The Signup feature in MLflow accepts account creation requests without validating an anti-CSRF token. An attacker hosts a malicious page that triggers a cross-origin POST request to the MLflow /signup endpoint. When an authenticated MLflow user visits this page, their browser submits the forged request with attacker-controlled credentials. The MLflow server processes the request and provisions a new account under attacker-defined parameters.

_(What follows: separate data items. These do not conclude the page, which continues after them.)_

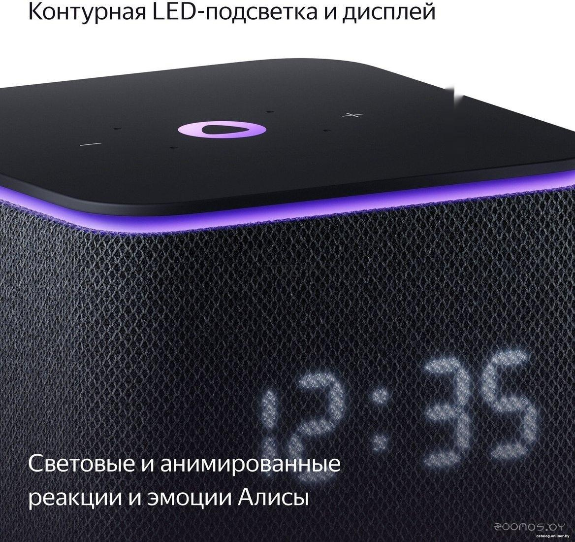 Активная контурная LED-подсветка и анимированные реакции на дисплее добавляют эмоций, когда слушаете музыку и общаетесь с Алисой. LED-дисплей показывает время и температуру Функция «Быстрые команды» Необязательно обращаться к Алисе по имени — управляйте музыкой, умным домом и ТВ вдвое быстрее. o Воспроизводите и ставьте на паузу: Стоп, Пауза, Продолжи, Хватит, Играй o Переключайте музыку: Дальше, Назад, Следующий o Регулируйте громкость: Тише, Громче Радионяня В режиме радионяни Алиса может передавать вам звуки из детской на телефон или вторую Яндекс Станцию.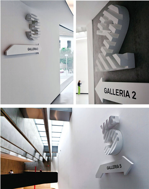 導(dǎo)視系統(tǒng)中的數(shù)字設(shè)計明確標(biāo)識出展覽廳的位置,標(biāo)識的設(shè)計猶如藝術(shù)品一樣精美、簡捷,沒有箭頭那樣強(qiáng)烈的標(biāo)識感,它們的地位好像博物館的主人一般。多虧了ma:d srl設(shè)計工作室的努力,意大利MAXXI國家藝術(shù)博物館才能成為一個吸引各國游客慕名而來的著名景點。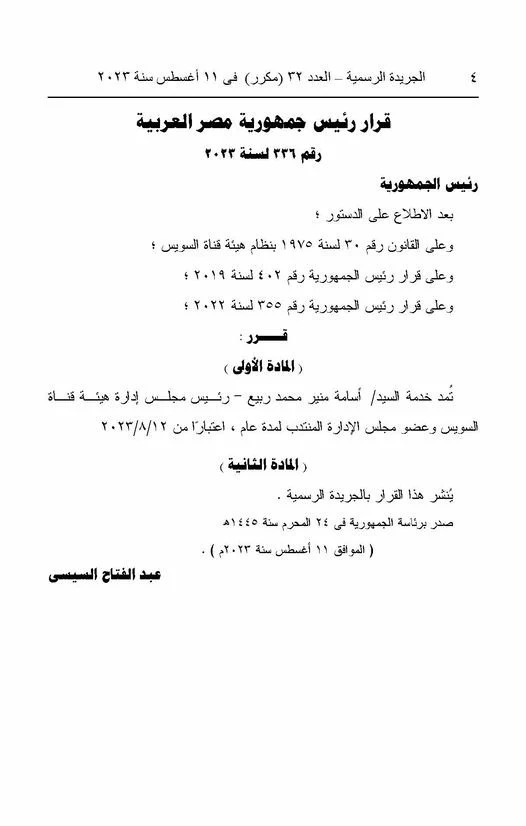 نشرت جريدة الوقائع المصرية "الجريدة الرسمية"، في عددها الصادر اليوم الأحد، قرار الرئيس عبد الفتاح السيسي، رئيس الجمهورية رقم 336 لسنة 2023 بمد خدمة الفريق أسامة ربيع رئيس مجلس إدارة هيئة قناة السويس وعضو مجلس الإدارة المنتدب لمدة عام، اعتبارًا من 12 أغسطس الجاري.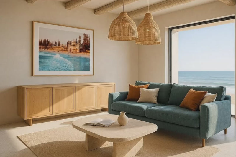 Capture the serene beauty of Cottesloe Beach with our original photography collection. This stunning print features the iconic shoreline and historic pavilion, bathed in golden light. Each hand-framed piece brings a touch of Australian coastal charm to any decor. Hand-framed and delivered free Australia-wide.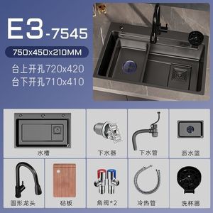 纳米灰3毫米双筋版【7545】-D抽拉龙头+洗杯器+净水龙头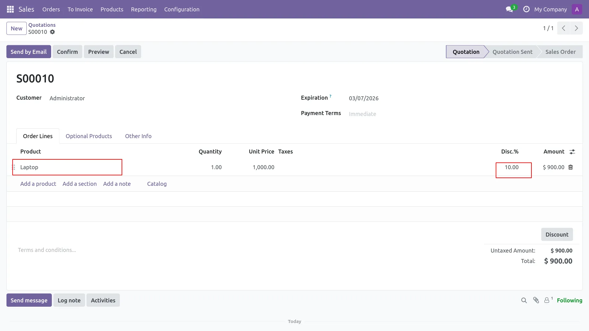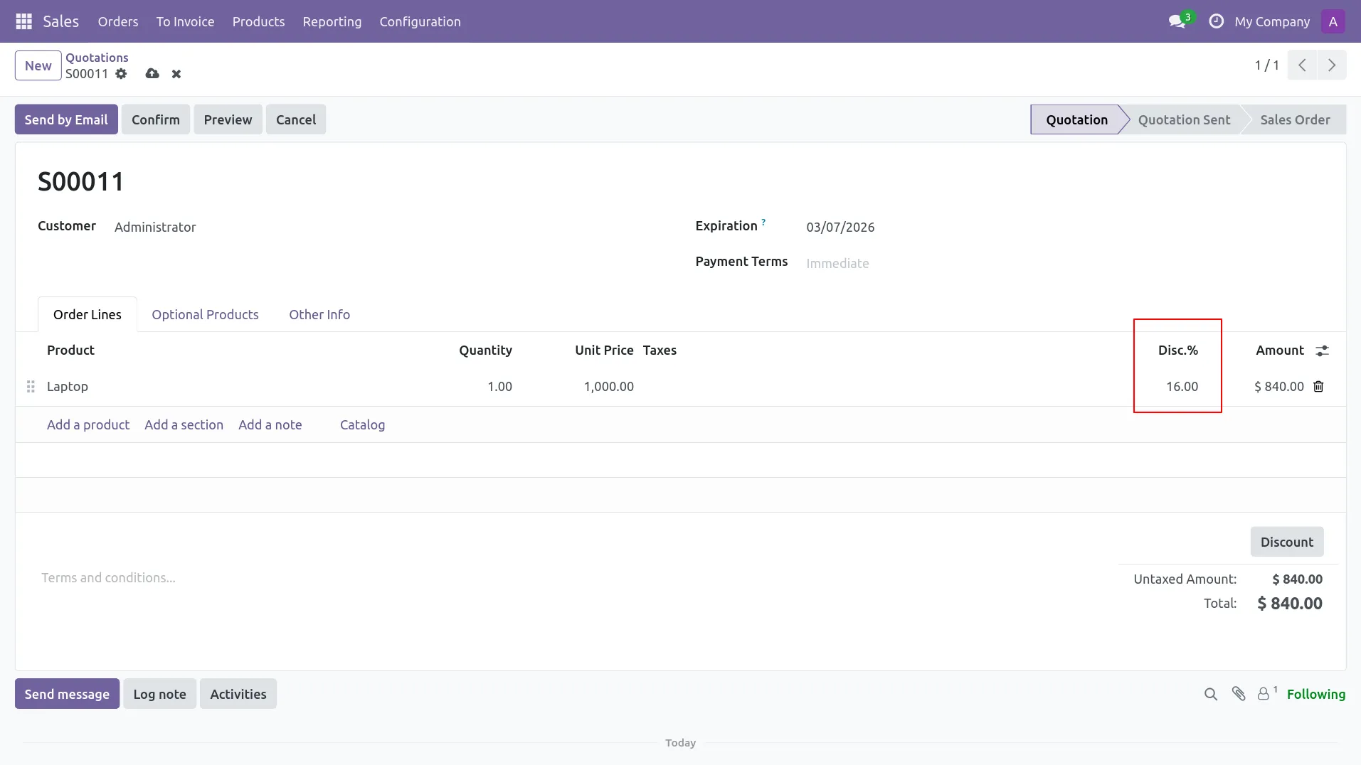 2.In Sales Quotation, user applies 15% discount on Laptop order line.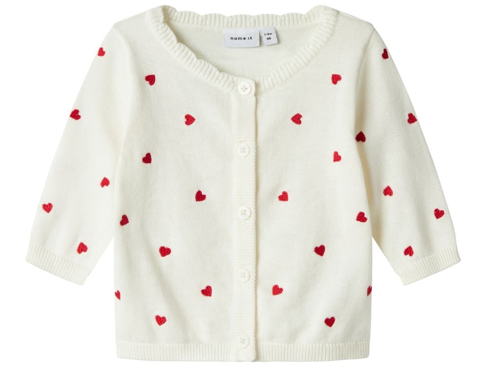 Name It strik cardigan cloud dancer med hjertebroderi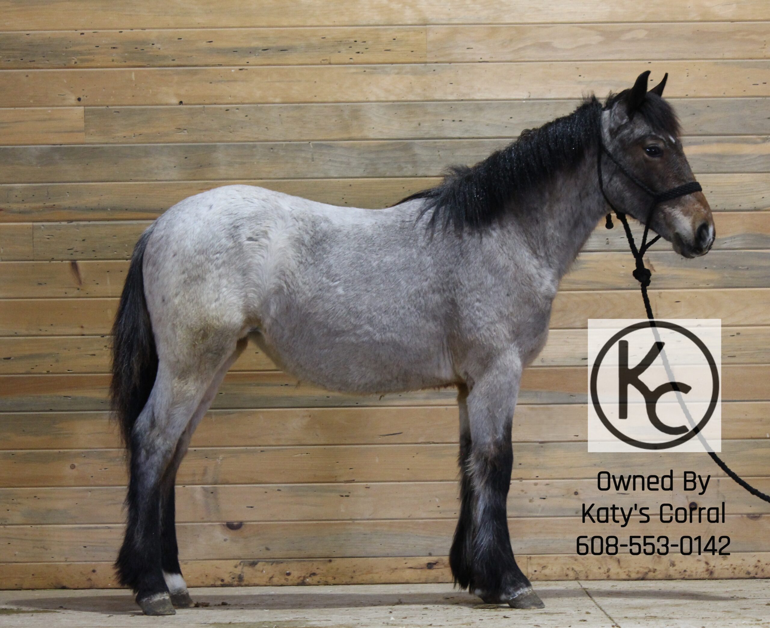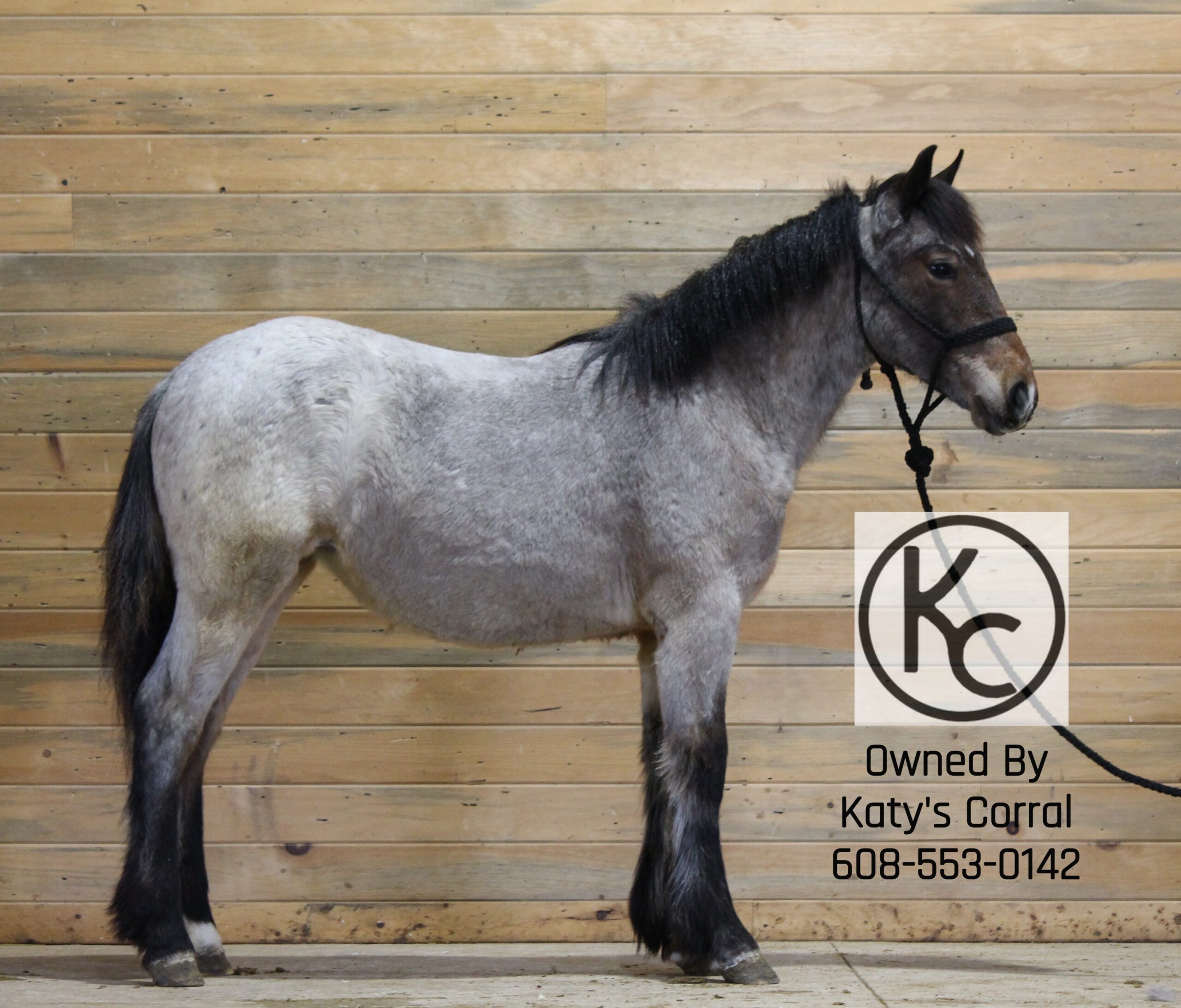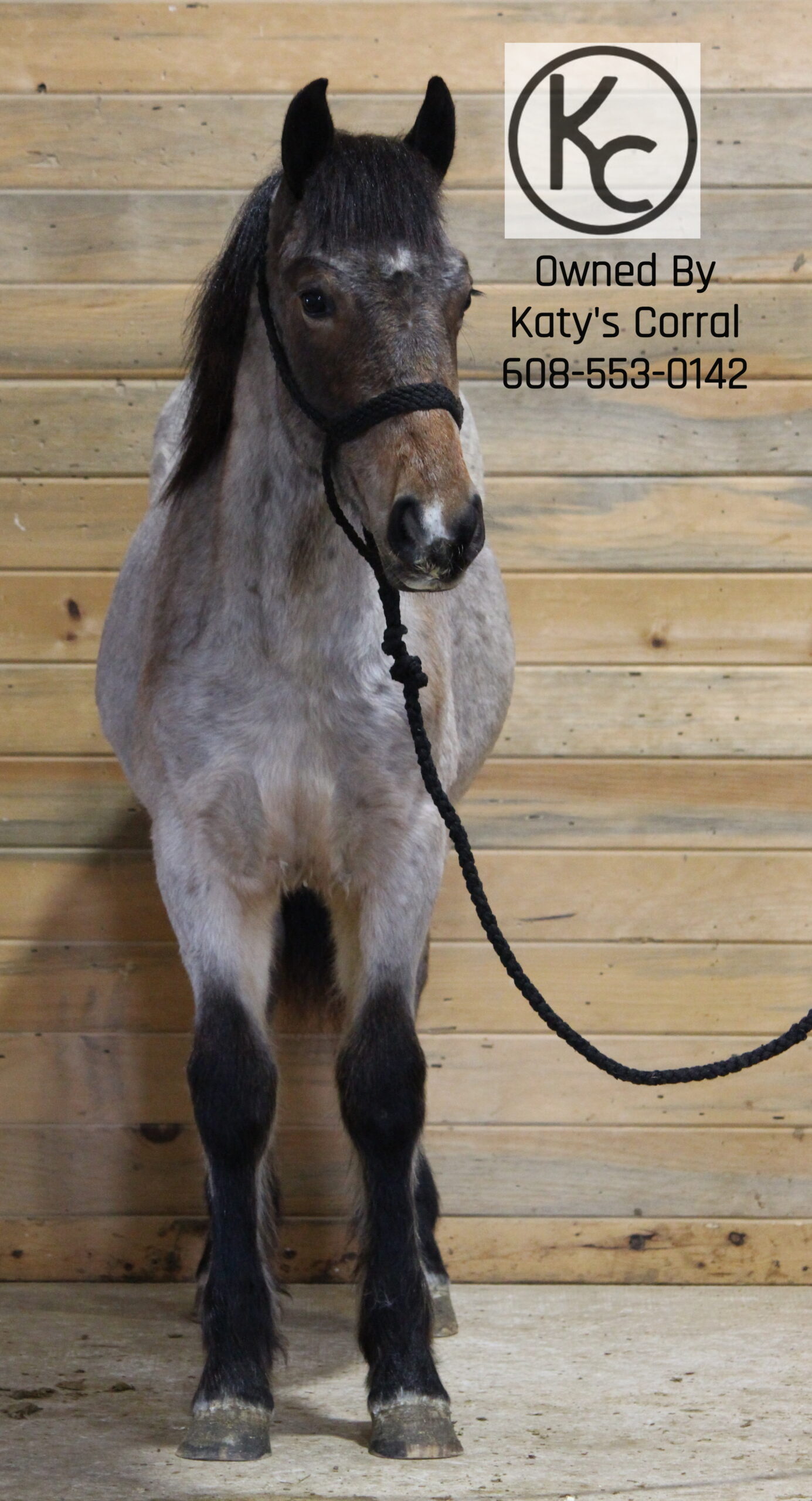 Flicka is a bay roan yearling (born July last year) filly out of a thirteen three hand draft/pony cross mare and by a sixteen hand percheron stallion. She stands forty nine and a half inches tall right now. She is absolutely ADORABLE in person. She has a cute head, kind eye, big bone, plenty of feathers and will be a TANK when she matures. Flicka has had lots of handling. She will lead/tie/trailer/bathe/pick her feet etc. This girl has plenty of athleticism and is a very pretty mover. She will have the brains, agility and body structure to excel in whatever discipline someone chooses to take her in. A suoer cute filly with a solid foundation that is ready for someone to take home and finish their way. Located in Dodgeville, WI and can ship anywhere in the U.S asking thirty five hundred

The newly created account inherits default privileges configured on the MLflow tracking server. Attackers leverage this foothold to enumerate experiments, modify registered models, or exfiltrate artifacts. User interaction is required because the victim must visit the attacker-controlled page, which aligns with the EPSS probability of 0.16% reflecting limited active exploitation.

Root Cause

The root cause is the absence of CSRF protection on the Signup endpoint. MLflow does not verify a synchronizer token, double-submit cookie, or Origin/Referer header before processing account creation. State-changing requests are accepted purely based on session context, which the browser supplies automatically across origins.

Attack Vector

The attack is delivered over the network via a malicious web page or email link. The attacker crafts an HTML form or fetch() call targeting the MLflow Signup endpoint. When the victim loads the page, the browser issues the request to the MLflow server. The server creates the account because no CSRF defenses are enforced.

python
# Patch context from mlflow/__init__.py
# Source: https://github.com/mlflow/mlflow/commit/ecfa61cb43d3303589f3b5834fd95991c9706628
     get_current_active_span,
     get_last_active_trace,
     get_trace,
+    log_trace,
     search_traces,
     start_span,
     trace,

Source: MLflow GitHub Commit ecfa61c

Detection Methods for CVE-2025-1473

Indicators of Compromise

  • Unexpected new accounts in the MLflow user database, particularly with anomalous usernames or email addresses
  • HTTP POST requests to /signup with Referer or Origin headers pointing to unknown external domains
  • Spikes in account creation activity outside normal onboarding patterns
  • Sessions from newly created accounts immediately accessing sensitive model registries or experiments

Detection Strategies

  • Review MLflow access logs for /signup requests where the Origin header does not match the MLflow server hostname
  • Correlate account creation events with referrer URLs to identify cross-origin submissions
  • Implement alerting on bulk account creation from a single source IP or within short time windows

Monitoring Recommendations

  • Forward MLflow web server access logs to a centralized SIEM for retention and correlation
  • Track changes to the MLflow user store, including timestamps and source IPs for each new account
  • Monitor downstream actions performed by recently created accounts, including model registrations and artifact downloads

How to Mitigate CVE-2025-1473

Immediate Actions Required

  • Upgrade MLflow to a version later than 2.20.1 that includes the fix from commit ecfa61c
  • Audit all existing user accounts and disable any created during the vulnerable window without authorization
  • Restrict access to the MLflow tracking server to trusted networks until the patch is applied

Patch Information

The maintainers addressed the vulnerability in commit ecfa61cb43d3303589f3b5834fd95991c9706628. Operators should upgrade to a release that includes this commit. Reference the MLflow GitHub Commit and the Huntr Bug Bounty Report for full remediation details.

Workarounds

  • Disable the Signup feature if open account registration is not required
  • Place the MLflow tracking server behind a reverse proxy that enforces Origin and Referer header validation
  • Require multi-factor authentication for any administrative account on the MLflow server
  • Apply network-level access controls such as VPN or IP allowlists to restrict who can reach the Signup endpoint
bash
# Example reverse proxy rule to block cross-origin signup requests (nginx)
location /signup {
    if ($http_origin !~ "^https://mlflow\.internal\.example\.com$") {
        return 403;
    }
    proxy_pass http://mlflow_backend;
}

Disclaimer: This content was generated using AI. While we strive for accuracy, please verify critical information with official sources.